Update : Jan. 04, 2010
During auction trading, priority among orders is decided on two principles, price and time priority, to ensure that all orders are handled equally and that transactions proceed smoothly.
The following table illustrates how these two principles work together.
| Offer (sell) | Price | Bids (buy) |
| A300(5) C400(4) | 502 | |
| D1,000(3) E900(2) F500(1) | 501 | |
| 500 | H8,000(1) B100(2) J400(3) | |
| 499 | K100(4) A15,000(5) | |
|
late |
early |
Note:
Numerals - number of shares ordered
Numerals in brackets - order of priority
Alphabet - securities company identifier
Thus although there are sell orders at both 501 yen and 502 yen, those at 501 yen take precedence as a result of price priority.

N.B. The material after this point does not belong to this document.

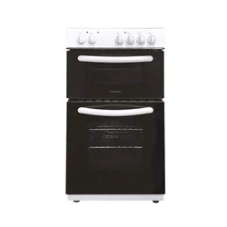 Double oven with fan assisted main oven. Ceramic hob and integrated grill. Moulded enamel oven walls. 2 chrome oven shelves. 1 deep tray with wired chrome grid. Removable double glazed doors. 2 oven lights. Pre-fitted cable.

Of the three orders at 501 yen, Trading Participant F's order takes precedence, followed by Trading Participant E and then Trading Participant D, as a result of time priority. These are then followed by the orders at 502 yen, with Trading Participant C's order taking precedence over Trading Participant A's order.
Looking at the buy side, we can see that there are orders at 499 yen and 500 yen. In this case the orders at 500 yen take precedence due to price priority. Of the three orders at 500 yen, Trading Participant H's order takes precedence, followed by Trading Participant B and then Trading Participant J, as a result of time priority.
Thus each offer and bid is individually prioritised and executed accordingly.